I did try to make this explicit when I wrote sd_dist: A positive scalar distribution..., but should have been explicit about being unbounded on the right.

Would be good to update the docs to reflect this. Would you be interested in doing it?

@aseyboldt forLKJCholeskyCov’s sd_dist, I’ve tried pm.Gamma.dist(alpha=1.5,beta=3.0,shape=3) and pm.InverseGamma.dist(alpha=2.0,beta=0.5,shape=3) and they seem to give similar answers as when I was using pm.Exponential(1,shape=3). I don’t think the NUTS sampler is significantly faster for any of these.

Just to be clear, are you saying that I also shouldn’t use my pm.Uniform('mu_x',lower=0.01,upper=0.99) priors for the 3 means of pm.MvNormal because that might be slowing down NUTS (if it hits into the sharp boundaries of the Uniform prior)?
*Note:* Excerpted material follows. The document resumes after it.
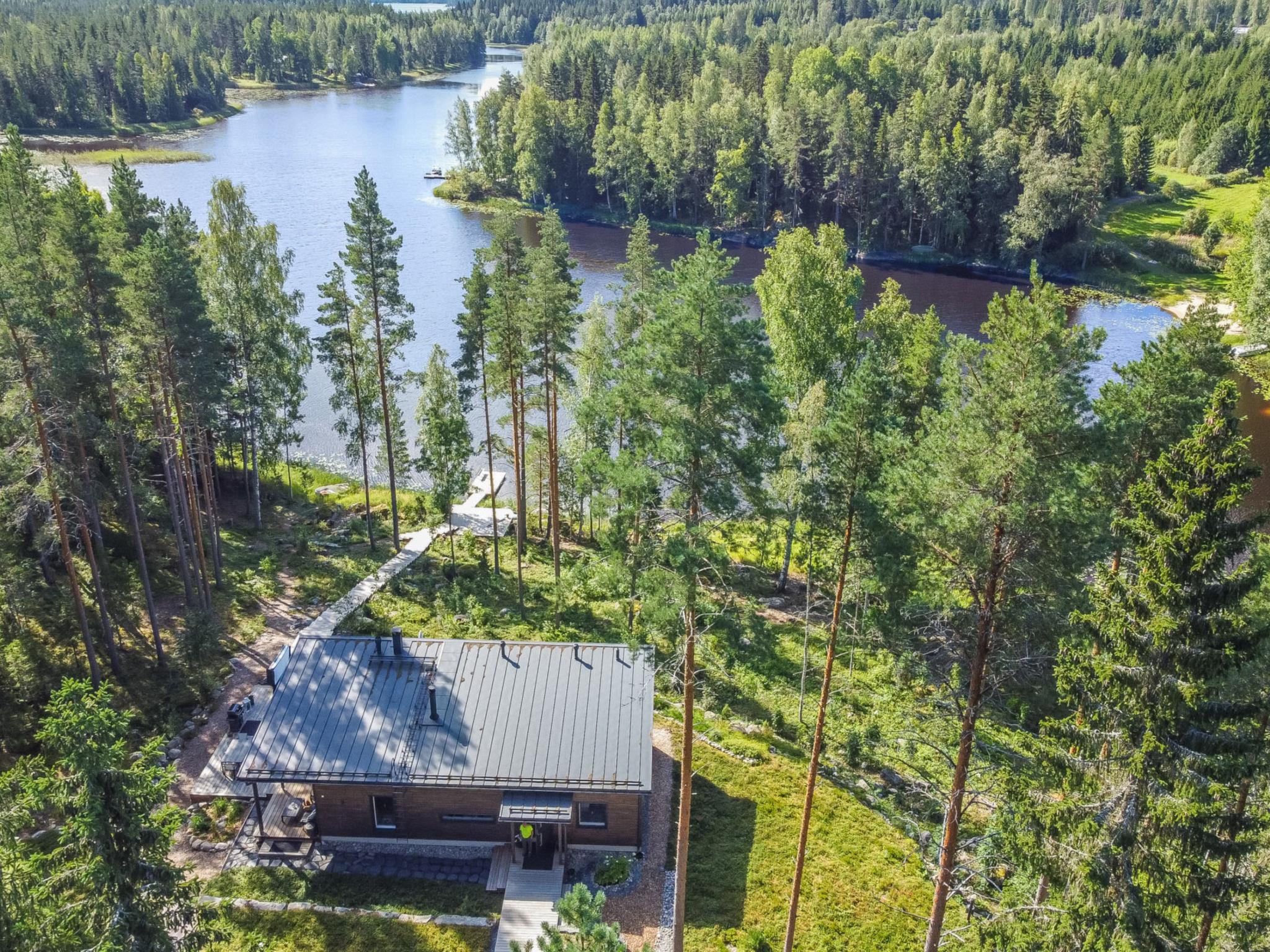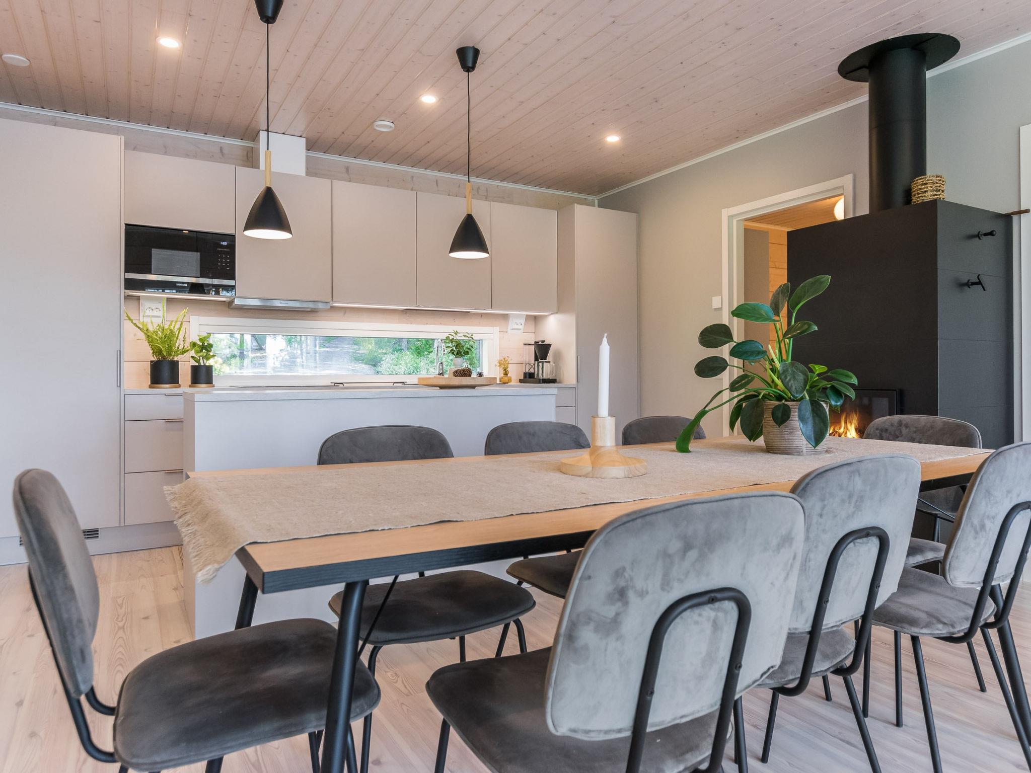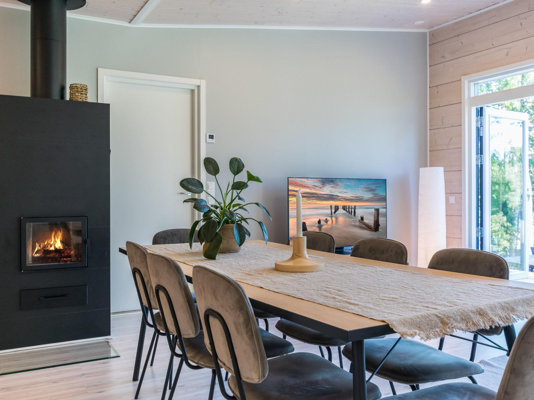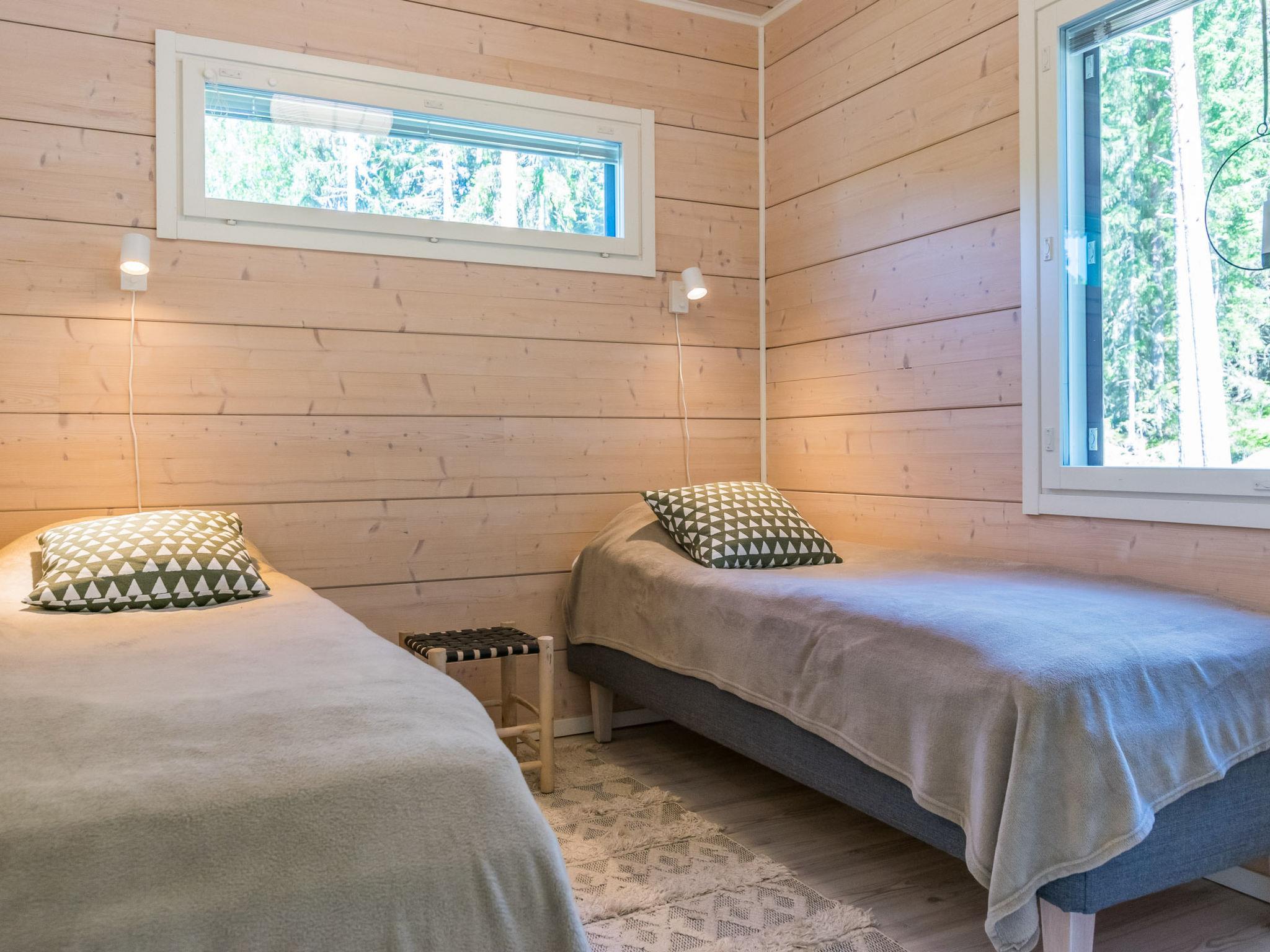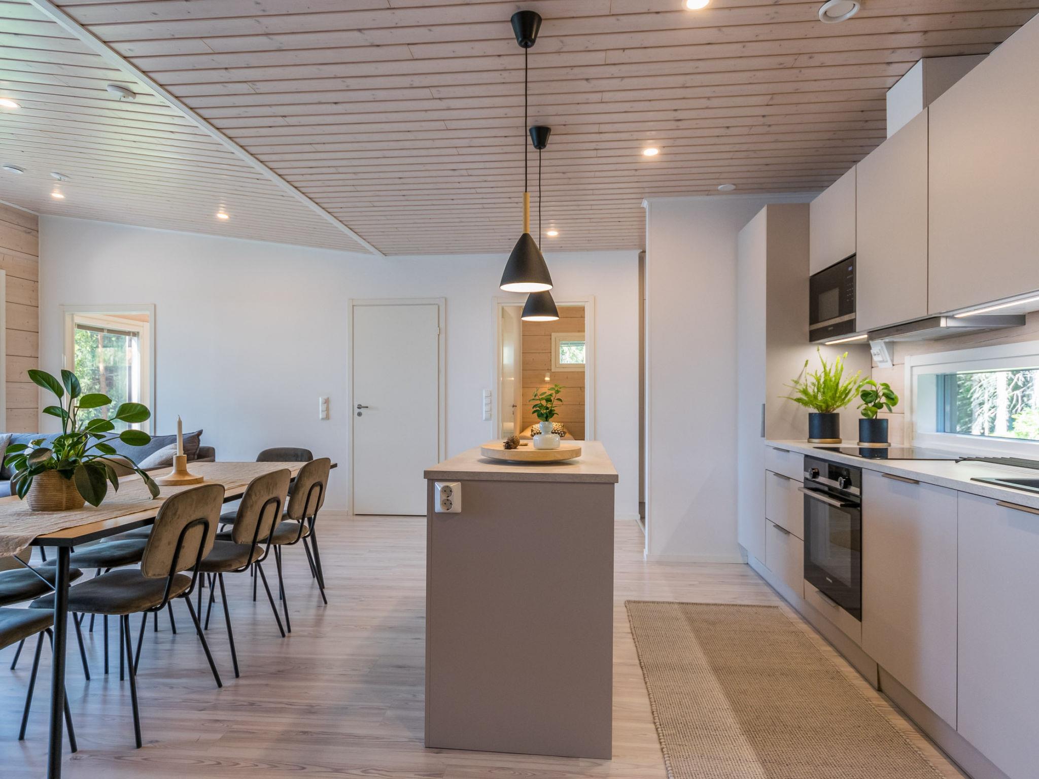 Located 116 km north of Tampere, with Lake Tarjanne just 35 m away, the area has a rapidly deepening gravel bottom, a dock, and a private rowing boat. This log cabin (built in 2021) includes a spacious living room/combined kitchen/living room, a large dining area with seating for eight people, a fireplace, a TV, and a seating group. The cabin has three bedrooms: Bedroom 1 has a double bed, Bedroom 2 has two single beds, and Bedroom 3 has two single beds. Additionally, the sofa in the living room can be converted into an extra mattress for two (140x200 cm). The cabin also features a utility room. The sauna has both a wood-burning and an electric stove. The bathroom includes two showers.

What would a uniform-like well-behaved prior be for the means of MvNormal then? My mu_x and mu_y have no physical significance outside of 0-1, and mu_z has no meaning outside of -1 to 1. Would a pm.Beta(alpha=1,beta=1) be better behaved vs. pm.Uniform for the first 2 means, and keep pm.Uniform(lower=0,upper=1) for mu_z?

@ricardoV94 would InverseGamma(alpha=2,beta=0.5) also lead to divergences because its probability goes to 0 very fast at x<<0.1? If so, I thought InverseGamma was the usual (conjugate) prior to use for the standard deviations of a normal rather than Gamma or Exponential.

I am actually leaning towards keeping my original sd_dist=pm.Exponential(1,shape=3) because it also has the advantage that it pushes the standard deviations towards low values unless the data prefer otherwise, which reduces the variance of the model around the mean and maybe makes it easier for the model to draw covariance matrices from the LKJ prior and converge faster? Thoughts?

I would be happy to help update the docs after I understand this better.